Debt firms hounding those with no cash, says SVP chief

PRIVATE debt collection companies are “hounding people” who have nothing and putting them under huge pressure, the southern regional president of St Vincent de Paul has warned.

Brendan Dempsey said debt collectors are a “huge problem” and the law seems to be on the side of the banks, which can harass people non-stop.

“They are phoning them three times a day, calling to their house. I know one person who does not even have her house anymore, she has lost everything, so what is the point of it?”

Referring to the case, Mr Dempsey said one bank has three debt collection agencies chasing the person.

“This person has lost a home and a business, has no income and is being fed by the SVP. All the laws seem to be on the side of the financial institutions, and they won’t take no for an answer.”

There is no regulation governing the operation of private debt collection agencies.
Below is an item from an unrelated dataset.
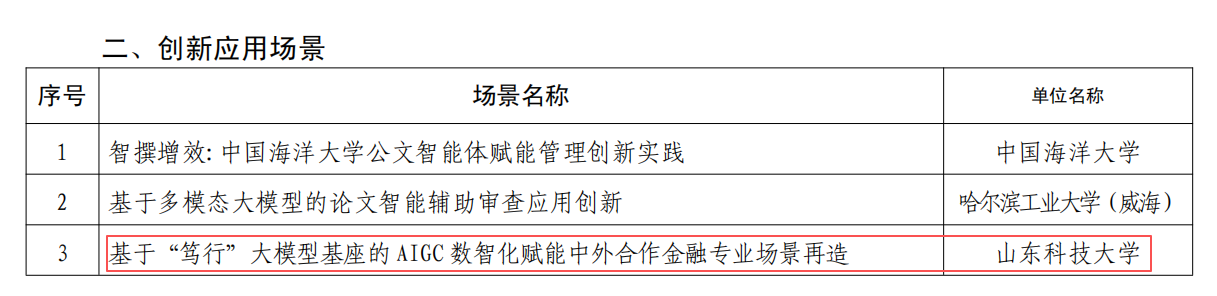 近日,山东省教育厅公布人工智能大模型赋能教育典型案例及创新应用场景评选结果,由金融系汤巍老师主持的项目 “基于‘笃行’大模型基座的 AIGC 数智化赋能中外合作金融专业场景再造” 成功入选创新应用场景名单,成为全省教育系统人工智能与教育融合创新的标杆项目之一。
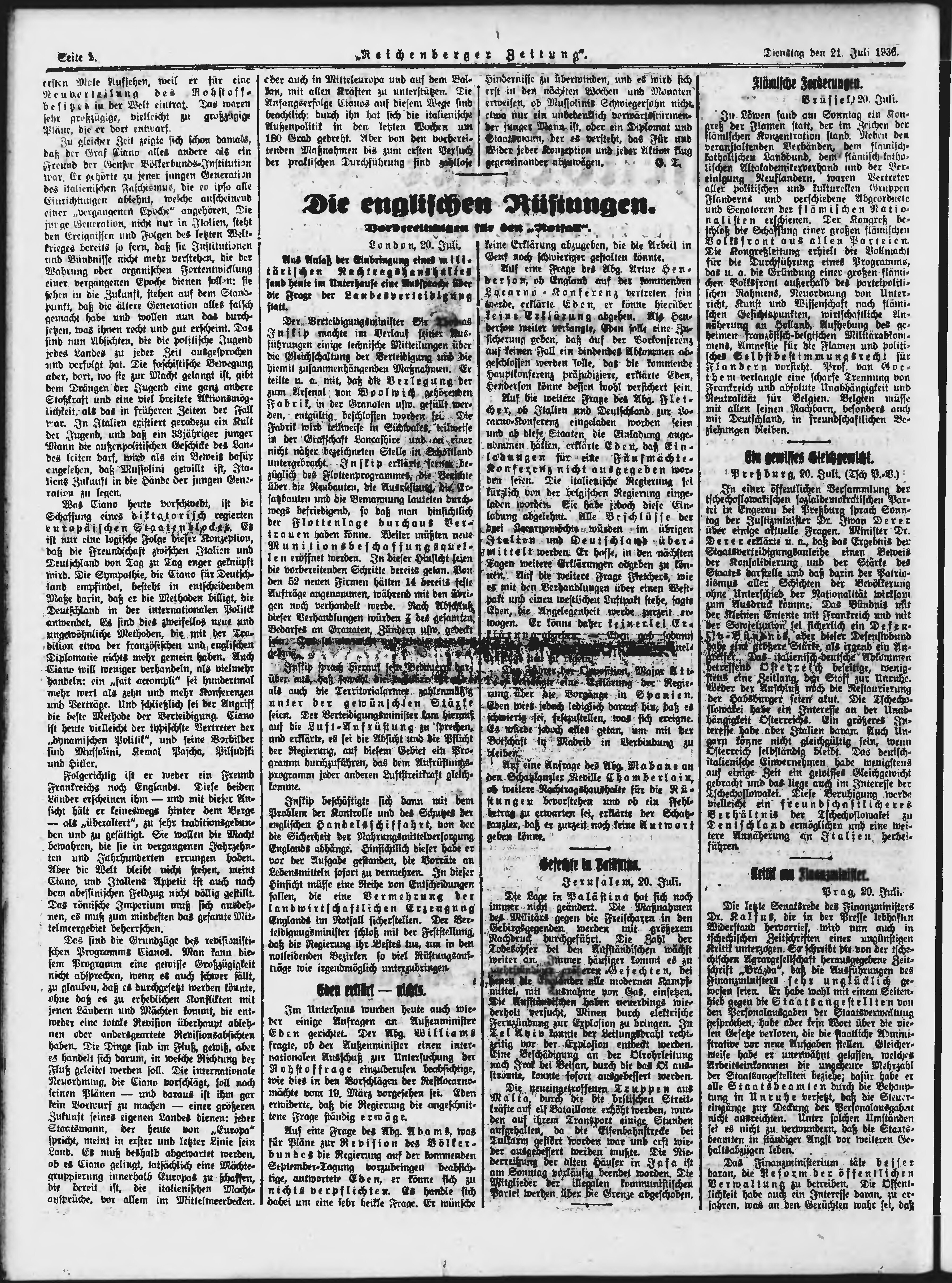 * Datum vydání výtisku: 21.7.1936 Číslo výtisku: 168 Poznámky k výtisku: ranní vydání;

But there are rules covered by the Consumer Credit Act 1995.

Under the Central Bank’s Consumer Protection Code a lender cannot phone you or visit you in connection with your loan without your consent between 9pm and 9am on weekdays, or at any time on a Sunday or public holiday.

A lender is not permitted to call you or to visit you at your place of work unless you are also living there, or unless all reasonable efforts to contact you elsewhere have failed.
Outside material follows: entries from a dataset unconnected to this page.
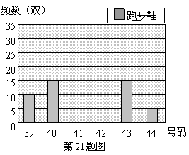 55. (2008 山东 聊城)某百货商场经理对新进某一品牌几种号码的男式跑步鞋的销售情况进行了一周的统计,得到一组数据后,绘制了频数(双)频率统计表与频数分布直方图如下:
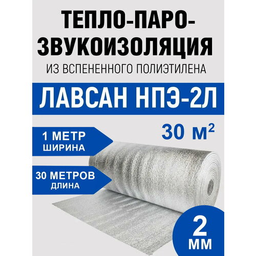 Лавсановая подложка для теплого пола рулон, 2мм х 1м x 30м, 30 кв. метров фольгированный вспененный полиэтилен
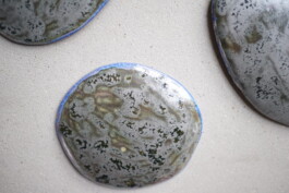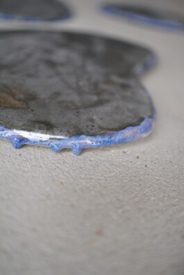 ‘The oil slicks’, hand - painted, glazed ceramic objects, 2020

Mr Dempsey said things for people who are self-employed are “dire”.

“They are literally living on charity. We are feeding them and paying their ESB bills... After about 15-20 weeks they can go on a supplementary welfare allowance payment, but they are really struggling until that happens.”

Mr Dempsey said the social welfare system is not fair and seems to be needlessly harsh on the very people relying on it. He said that in one case a woman who was working three days a week and who was getting social welfare payments for the rest, had been deducted for bank holidays over the past few weeks.